Copy every record word for word. The images stay behind.

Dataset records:
= = = = = = =

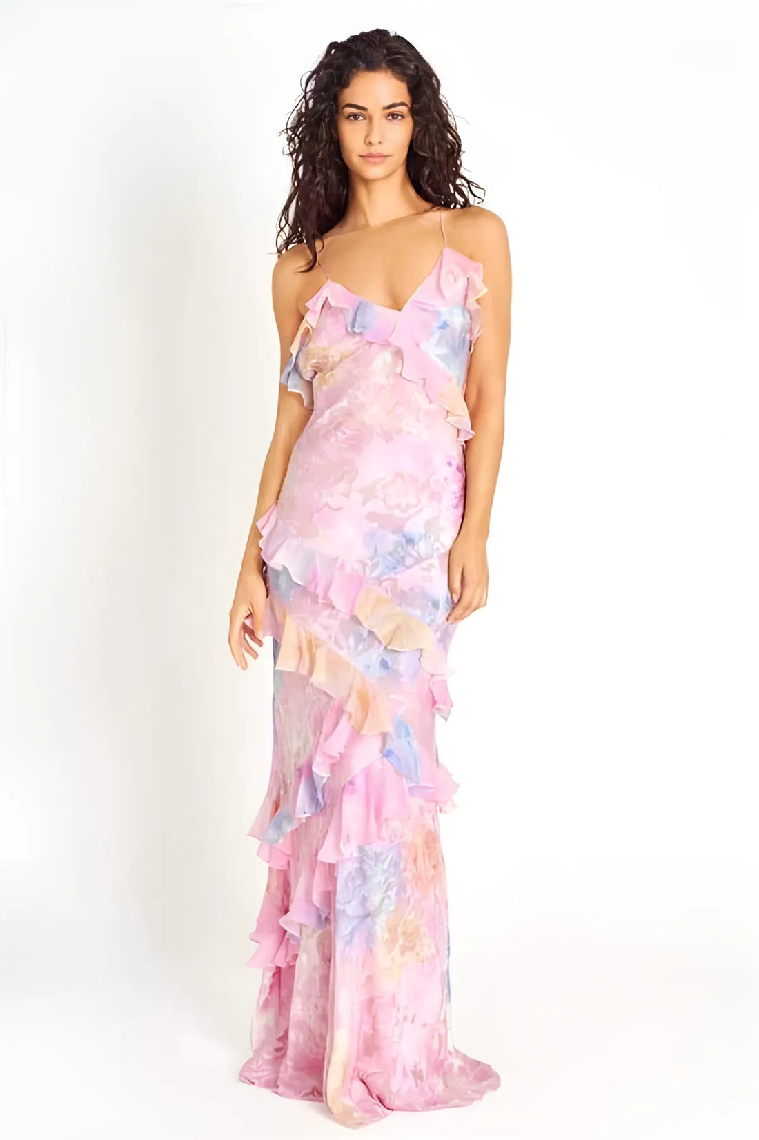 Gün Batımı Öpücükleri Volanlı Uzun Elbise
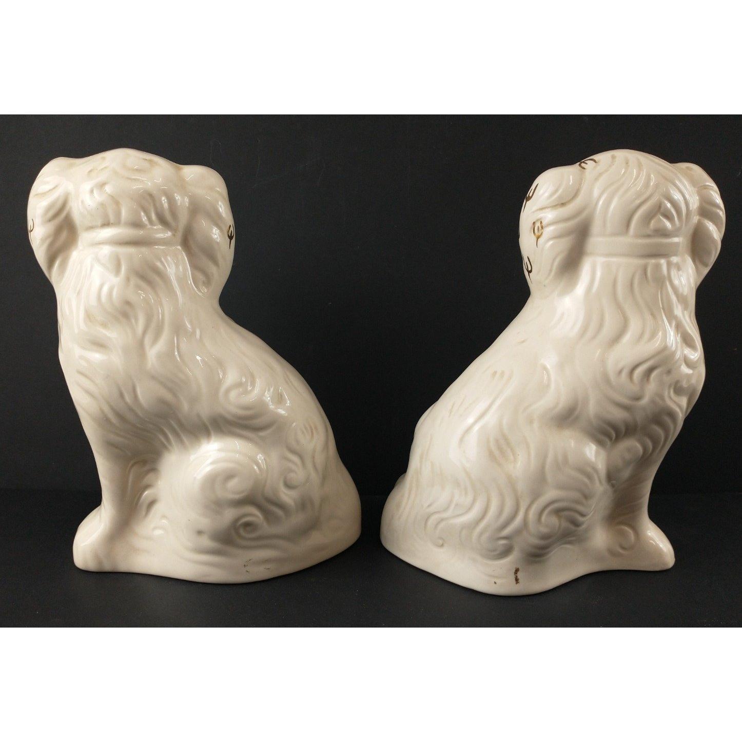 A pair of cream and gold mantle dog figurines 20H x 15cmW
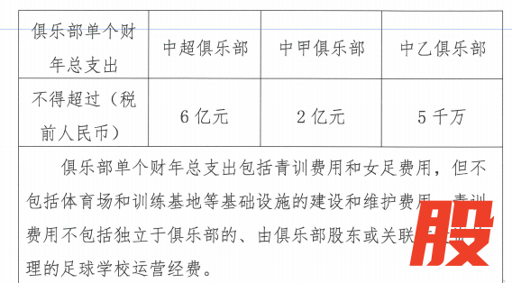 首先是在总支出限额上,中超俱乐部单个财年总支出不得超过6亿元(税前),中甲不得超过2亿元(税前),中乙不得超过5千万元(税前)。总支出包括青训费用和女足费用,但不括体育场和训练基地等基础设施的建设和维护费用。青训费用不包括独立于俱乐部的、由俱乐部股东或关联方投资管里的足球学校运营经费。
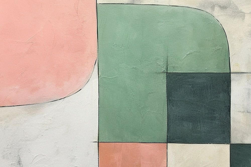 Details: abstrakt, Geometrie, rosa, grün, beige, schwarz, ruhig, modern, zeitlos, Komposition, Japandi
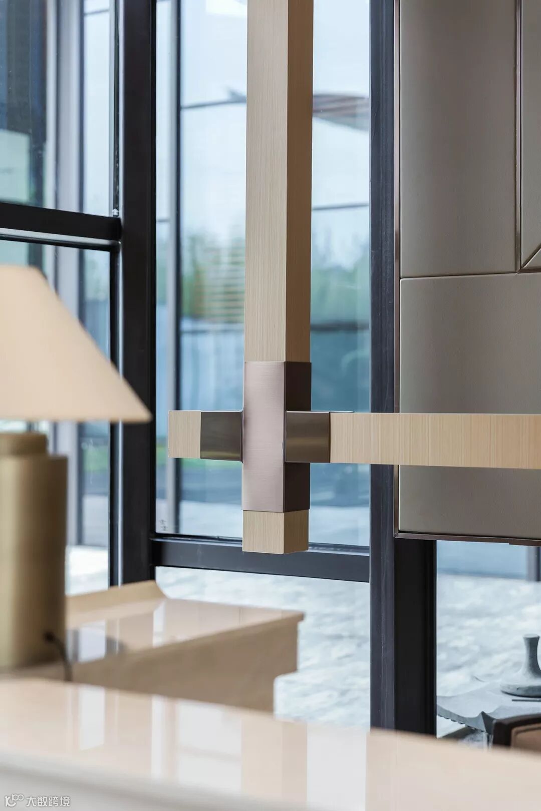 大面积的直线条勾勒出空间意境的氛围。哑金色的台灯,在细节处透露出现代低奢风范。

= = = = = = =

◆ **Exercise output**:
 Gün Batımı Öpücükleri Volanlı Uzun Elbise
 A pair of cream and gold mantle dog figurines 20H x 15cmW
 首先是在总支出限额上,中超俱乐部单个财年总支出不得超过6亿元(税前),中甲不得超过2亿元(税前),中乙不得超过5千万元(税前)。总支出包括青训费用和女足费用,但不括体育场和训练基地等基础设施的建设和维护费用。青训费用不包括独立于俱乐部的、由俱乐部股东或关联方投资管里的足球学校运营经费。
 Details: abstrakt, Geometrie, rosa, grün, beige, schwarz, ruhig, modern, zeitlos, Komposition, Japandi
 大面积的直线条勾勒出空间意境的氛围。哑金色的台灯,在细节处透露出现代低奢风范。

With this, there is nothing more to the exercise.